▸ **Work instructions**
Every line below from the one with "七里墩社区志愿者认真开展公共场所消杀工作" through the one with "3인 기준으로 세트메뉴하나에 타코를 추가하면 배부르게 드실 수 있어요!" is to be repeated exactly, with no picture among them.
╭─ Provided material
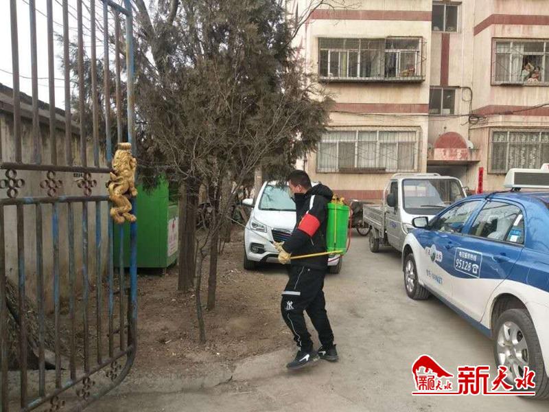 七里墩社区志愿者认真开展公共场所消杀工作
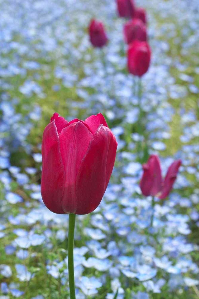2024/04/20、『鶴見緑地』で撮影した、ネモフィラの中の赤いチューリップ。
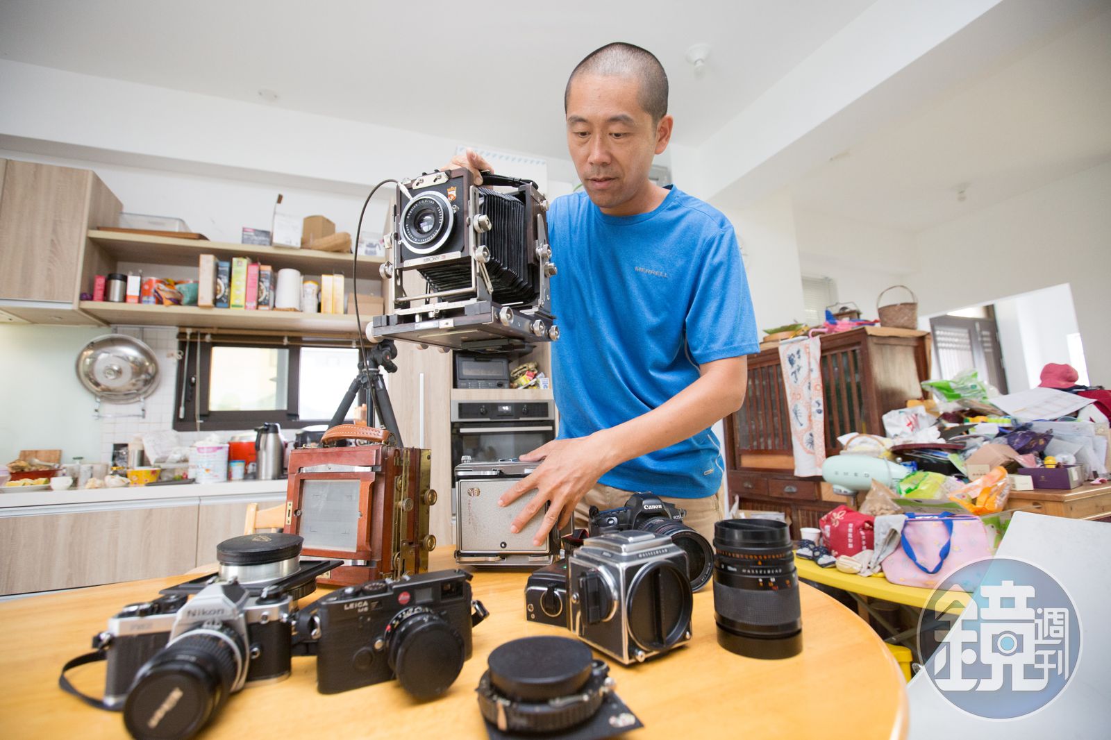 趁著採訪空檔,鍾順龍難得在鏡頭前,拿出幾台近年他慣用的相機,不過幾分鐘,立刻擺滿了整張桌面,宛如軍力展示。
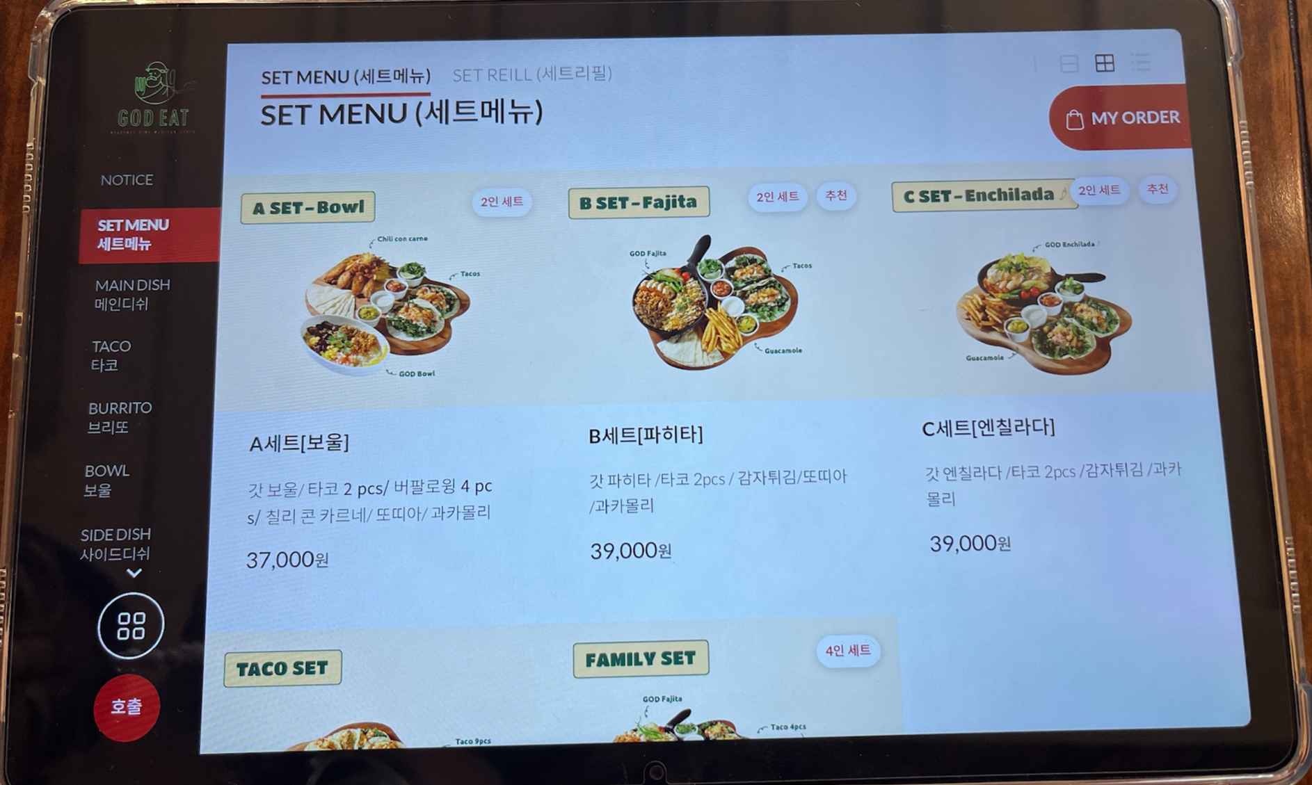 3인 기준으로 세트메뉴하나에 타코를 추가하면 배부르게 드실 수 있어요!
╰─
╭─ Provided material
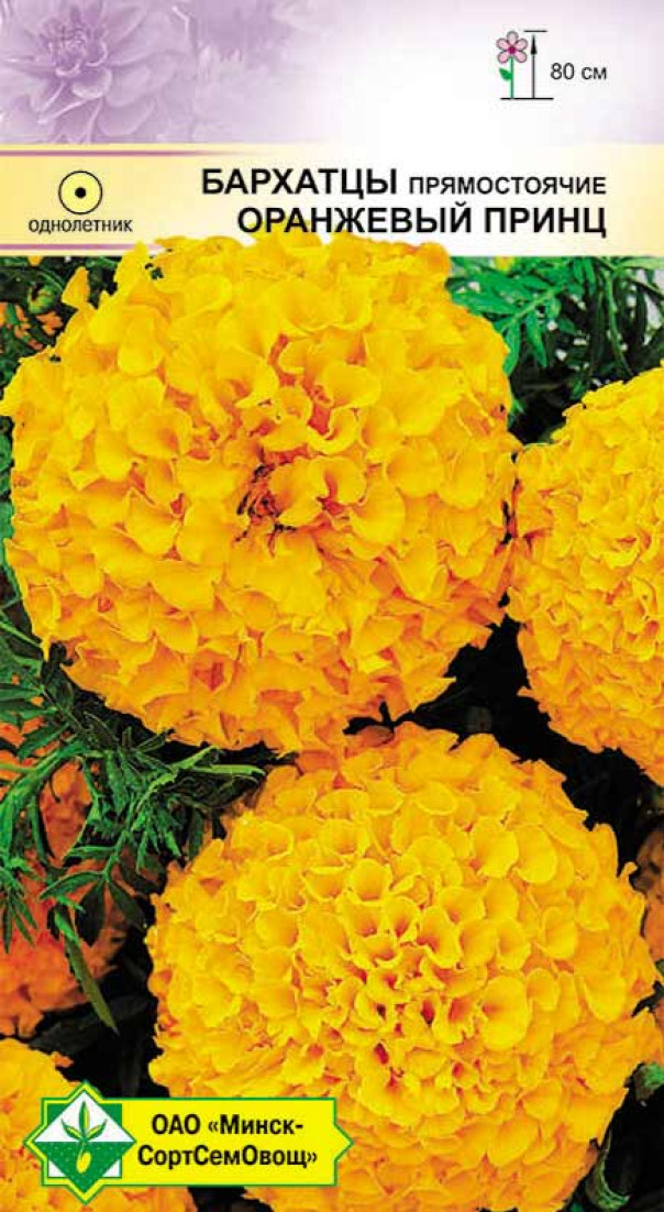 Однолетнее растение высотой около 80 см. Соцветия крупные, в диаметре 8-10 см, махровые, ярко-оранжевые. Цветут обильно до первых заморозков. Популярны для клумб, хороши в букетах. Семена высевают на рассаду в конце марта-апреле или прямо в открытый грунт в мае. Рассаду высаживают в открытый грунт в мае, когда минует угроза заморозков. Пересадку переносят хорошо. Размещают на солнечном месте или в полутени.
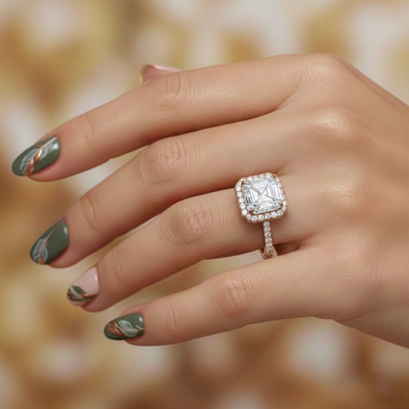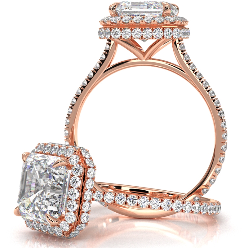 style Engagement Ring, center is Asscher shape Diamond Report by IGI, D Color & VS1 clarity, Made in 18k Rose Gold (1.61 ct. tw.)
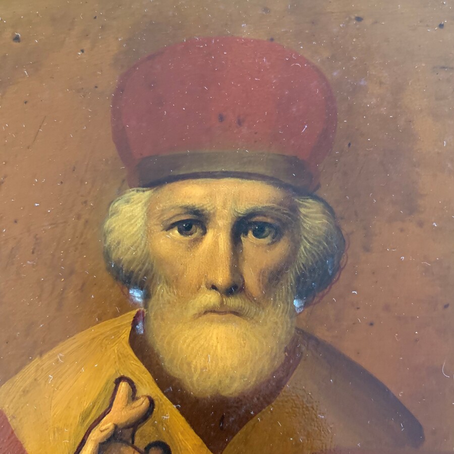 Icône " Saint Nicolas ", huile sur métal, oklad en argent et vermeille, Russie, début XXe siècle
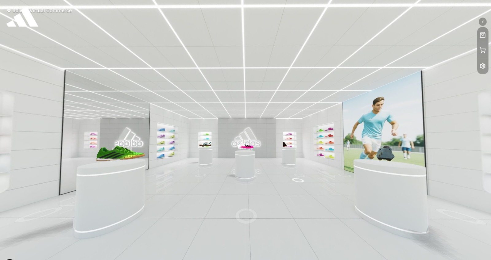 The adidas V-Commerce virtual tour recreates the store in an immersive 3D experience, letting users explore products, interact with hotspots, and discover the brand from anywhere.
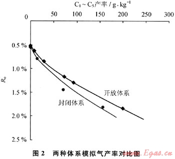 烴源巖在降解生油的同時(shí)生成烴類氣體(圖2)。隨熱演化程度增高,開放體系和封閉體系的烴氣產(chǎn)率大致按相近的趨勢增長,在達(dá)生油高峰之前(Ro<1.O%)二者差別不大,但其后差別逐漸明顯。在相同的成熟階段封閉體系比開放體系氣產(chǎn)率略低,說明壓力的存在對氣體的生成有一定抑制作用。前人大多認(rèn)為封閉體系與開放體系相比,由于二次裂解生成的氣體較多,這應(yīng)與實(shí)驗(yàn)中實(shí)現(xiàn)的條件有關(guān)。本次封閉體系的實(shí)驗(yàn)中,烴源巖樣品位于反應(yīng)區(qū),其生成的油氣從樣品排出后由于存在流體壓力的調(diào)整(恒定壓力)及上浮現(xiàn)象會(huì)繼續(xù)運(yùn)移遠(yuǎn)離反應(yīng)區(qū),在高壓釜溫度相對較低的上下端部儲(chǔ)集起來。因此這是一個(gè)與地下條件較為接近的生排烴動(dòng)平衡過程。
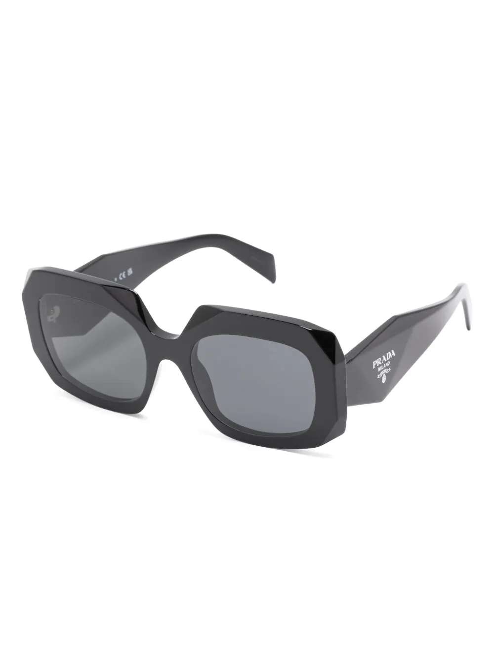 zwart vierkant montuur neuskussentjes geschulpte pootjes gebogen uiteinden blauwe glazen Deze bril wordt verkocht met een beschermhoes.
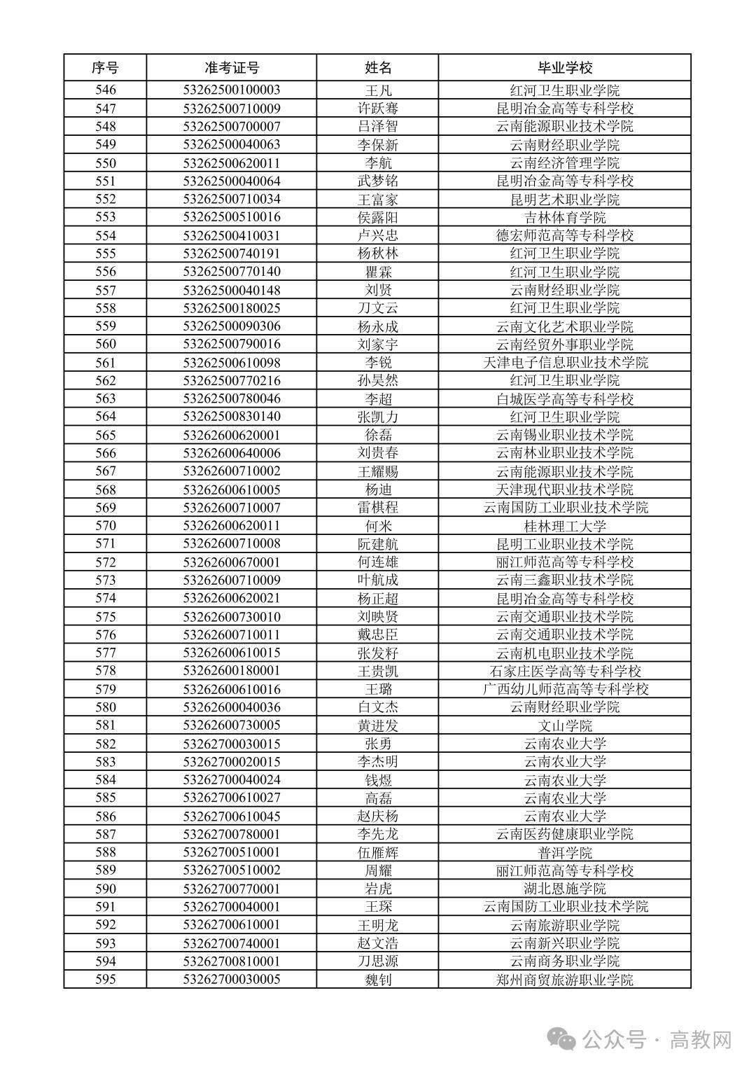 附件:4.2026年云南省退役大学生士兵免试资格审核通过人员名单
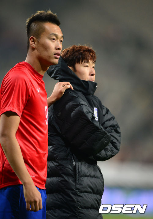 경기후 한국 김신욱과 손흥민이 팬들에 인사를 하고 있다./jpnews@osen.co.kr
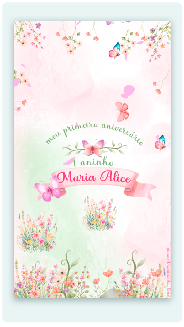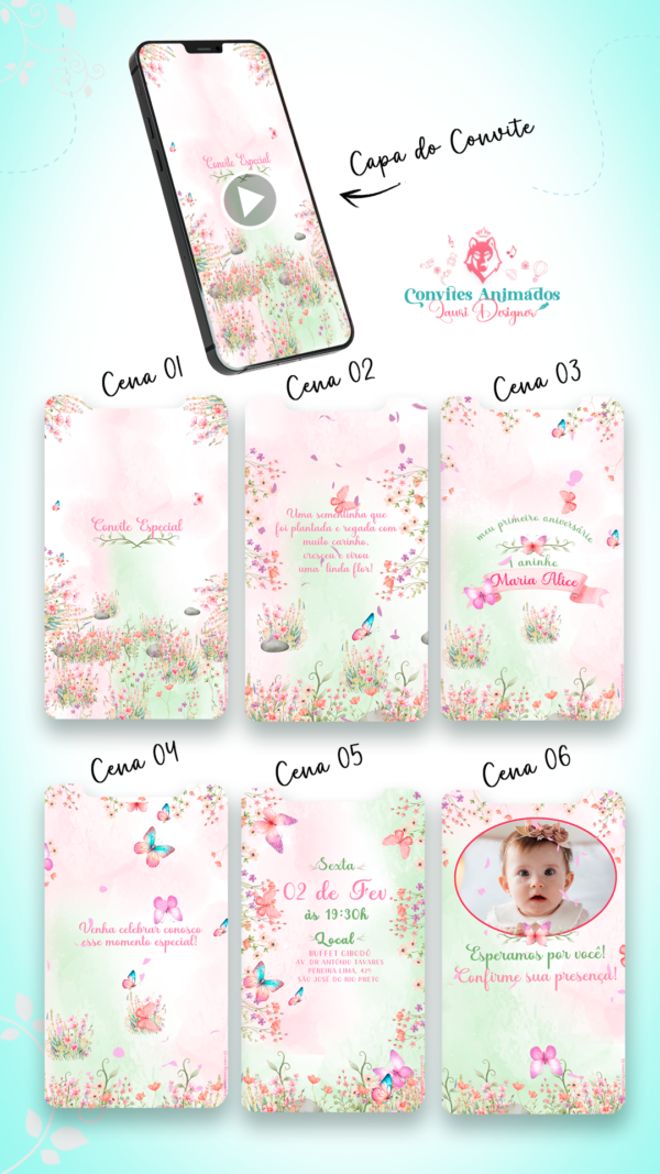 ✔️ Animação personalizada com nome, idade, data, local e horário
╰─
▸ **Answer space**
 七里墩社区志愿者认真开展公共场所消杀工作
2024/04/20、『鶴見緑地』で撮影した、ネモフィラの中の赤いチューリップ。
 趁著採訪空檔,鍾順龍難得在鏡頭前,拿出幾台近年他慣用的相機,不過幾分鐘,立刻擺滿了整張桌面,宛如軍力展示。
 3인 기준으로 세트메뉴하나에 타코를 추가하면 배부르게 드실 수 있어요!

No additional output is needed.